Мадемуазель Берта все так же шепотком рассказывала мне, что происходило вчера вечером. Как подъехала санитарная машина с телом, она не видела: ее окна выходят во двор. Машину заметила привратница и примчалась с сообщением к мадемуазель Берте.
Примерно с час продолжалось беспорядочное хождение соседей, но не такое, как сегодня: было воскресенье, и многие еще не вернулись из загорода.
— Мы с хозяйкой пробыли при нем одни всю ночь.
Я глянул в сторону спальни.
— Это вы все устроили?
Она кивнула и, прикрыв глаза, добавила:
— Я его обмыла и обрядила.
У меня возник один вопрос, который мне очень бы хотелось задать ей, и когда-нибудь я, наверно, решусь на это, если только — что будет гораздо проще — не спрошу у Люлю, потому что та и впрямь не ревнива: за все годы нашего знакомства я не замечал за ней этого.
У Боба в Тийи бывали приключения, но несерьезные, из тех, что не влекут за собой последствий и о которых на другой день забывают. Все друзья Дандюранов знали и про это, и про то, что Боб иногда захаживал домой то к одной, то к другой мастерице. В том числе и к двадцатилетней Аделине, недавно поступившей в мастерскую. Красавицей ее не назовешь, но мордашка у нее довольно смазливая.

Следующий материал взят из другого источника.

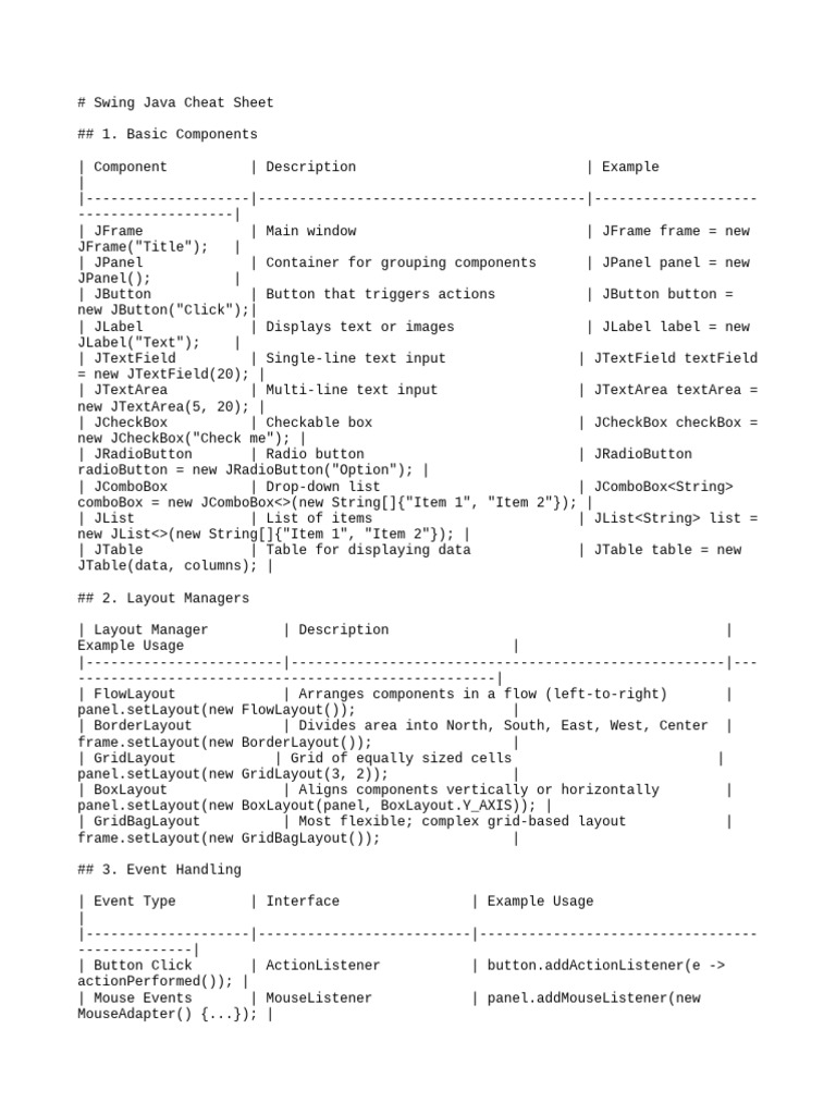 5. **Preferred Size**: Use setPreferredSize() for setting the size of components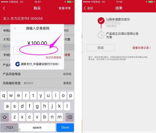 在首页新发产品处选择东方红货币E,点击“立即认购”,了解产品信息,“立即购买”!

А вот было ли у Боба что-нибудь с мадемуазель Бертой, если учесть ее возраст между сорока пятью и пятьюдесятью, длинный костистый нос и шерстяное белье? Она-то, ясное дело, питала к Бобу любовь, которую всячески старалась скрыть. Но какого рода любовь? Трудно сказать. Я бы, кстати, не удивился, если бы узнал, что Боб из жалости или сочтя это забавным — он, должно быть, бормотал: «Умора!» — ненадолго заглядывал в ее квартиру, естественно, надевая войлочные шлепанцы.